(Stored data entries)
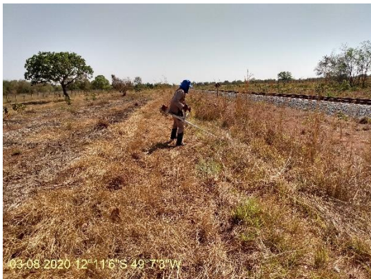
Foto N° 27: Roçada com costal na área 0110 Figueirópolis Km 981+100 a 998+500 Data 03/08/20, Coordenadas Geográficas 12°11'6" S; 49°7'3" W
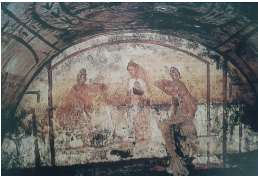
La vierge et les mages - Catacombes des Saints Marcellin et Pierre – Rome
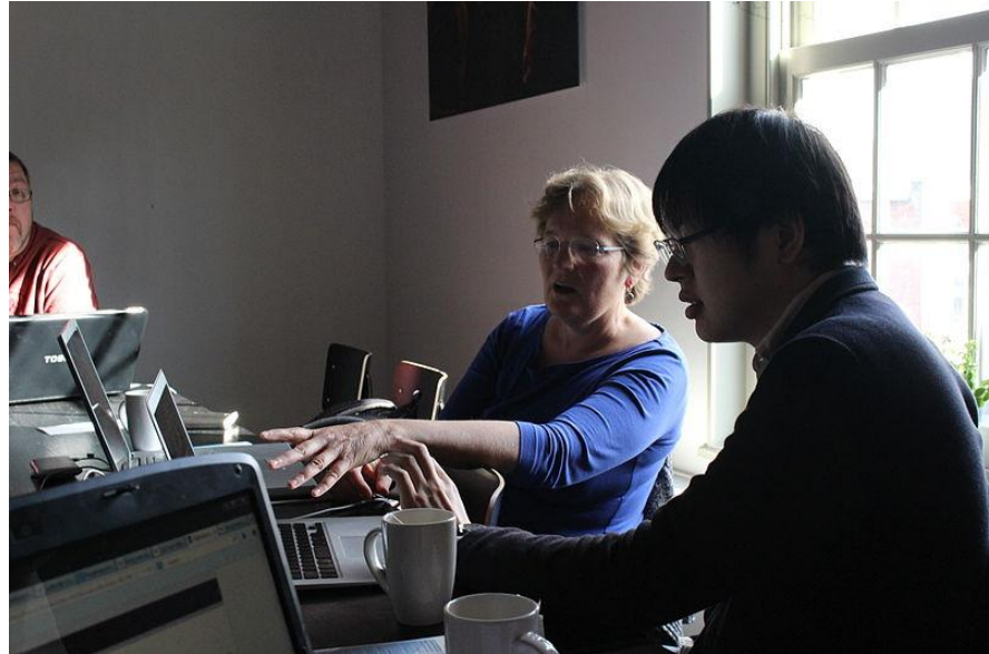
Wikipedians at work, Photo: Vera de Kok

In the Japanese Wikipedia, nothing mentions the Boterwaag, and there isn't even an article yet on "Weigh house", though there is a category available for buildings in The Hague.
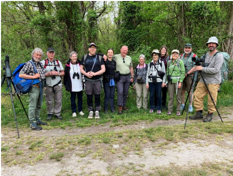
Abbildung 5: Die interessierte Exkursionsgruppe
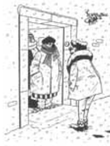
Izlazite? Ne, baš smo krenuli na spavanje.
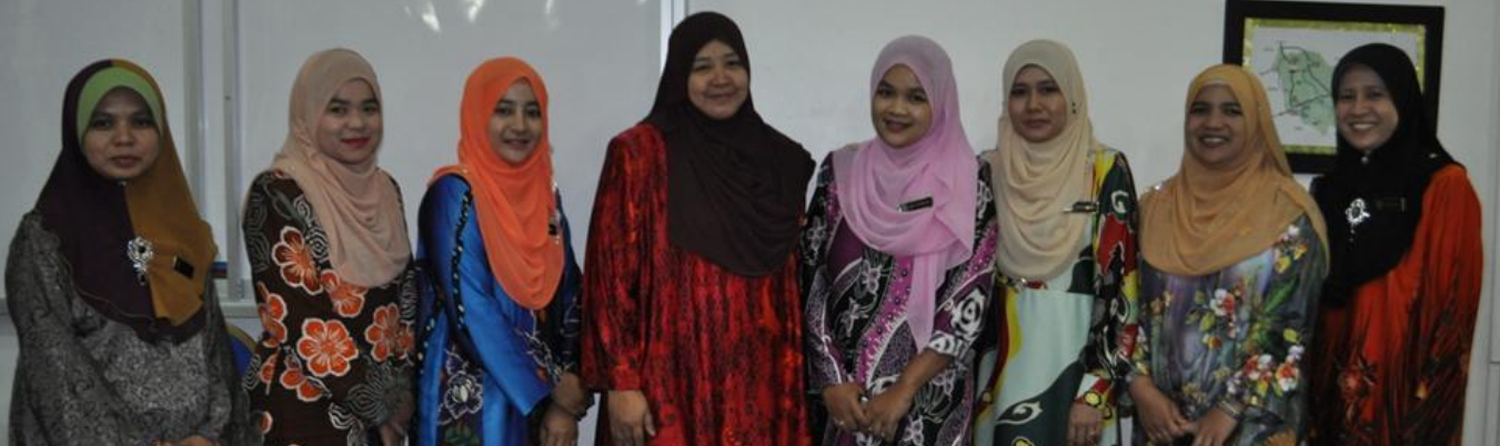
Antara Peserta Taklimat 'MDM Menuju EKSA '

---

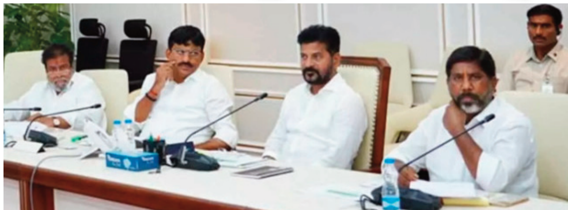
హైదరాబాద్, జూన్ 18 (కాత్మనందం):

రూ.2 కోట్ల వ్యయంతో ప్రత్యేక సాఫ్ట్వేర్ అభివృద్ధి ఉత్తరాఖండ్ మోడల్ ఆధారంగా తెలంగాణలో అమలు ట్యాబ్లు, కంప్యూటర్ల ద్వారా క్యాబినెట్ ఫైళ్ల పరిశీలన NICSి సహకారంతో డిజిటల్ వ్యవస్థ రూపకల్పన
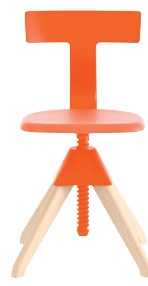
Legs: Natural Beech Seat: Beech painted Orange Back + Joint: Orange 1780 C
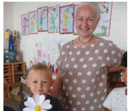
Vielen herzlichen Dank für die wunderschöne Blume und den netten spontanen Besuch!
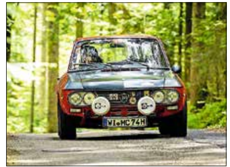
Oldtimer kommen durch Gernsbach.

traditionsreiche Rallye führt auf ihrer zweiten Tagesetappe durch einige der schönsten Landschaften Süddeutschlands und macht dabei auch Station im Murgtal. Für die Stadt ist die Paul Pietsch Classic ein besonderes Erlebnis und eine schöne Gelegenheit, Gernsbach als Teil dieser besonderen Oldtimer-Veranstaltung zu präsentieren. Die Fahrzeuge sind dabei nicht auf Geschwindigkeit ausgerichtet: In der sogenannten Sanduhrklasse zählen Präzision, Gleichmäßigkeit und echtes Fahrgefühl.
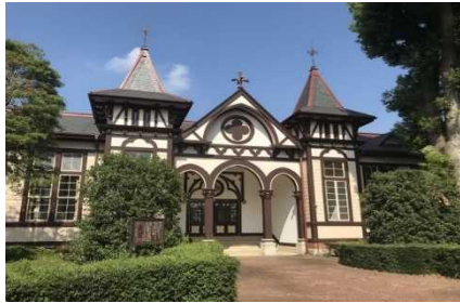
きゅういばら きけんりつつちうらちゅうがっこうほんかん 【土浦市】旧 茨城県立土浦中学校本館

*TASK STATEMENT*
Repeat exactly the lines above, from the line that contains "Legs: Natural Beech" down through the line that contains "きゅういばら きけんりつつちうらちゅうがっこうほんかん 【土浦市】旧". Include both of those lines and none of the pictures.

*EXPECTED ANSWER*
Legs: Natural Beech Seat: Beech painted Orange Back + Joint: Orange 1780 C
Vielen herzlichen Dank für die wunderschöne Blume und den netten spontanen Besuch!
Oldtimer kommen durch Gernsbach.

traditionsreiche Rallye führt auf ihrer zweiten Tagesetappe durch einige der schönsten Landschaften Süddeutschlands und macht dabei auch Station im Murgtal. Für die Stadt ist die Paul Pietsch Classic ein besonderes Erlebnis und eine schöne Gelegenheit, Gernsbach als Teil dieser besonderen Oldtimer-Veranstaltung zu präsentieren. Die Fahrzeuge sind dabei nicht auf Geschwindigkeit ausgerichtet: In der sogenannten Sanduhrklasse zählen Präzision, Gleichmäßigkeit und echtes Fahrgefühl.
きゅういばら きけんりつつちうらちゅうがっこうほんかん 【土浦市】旧 茨城県立土浦中学校本館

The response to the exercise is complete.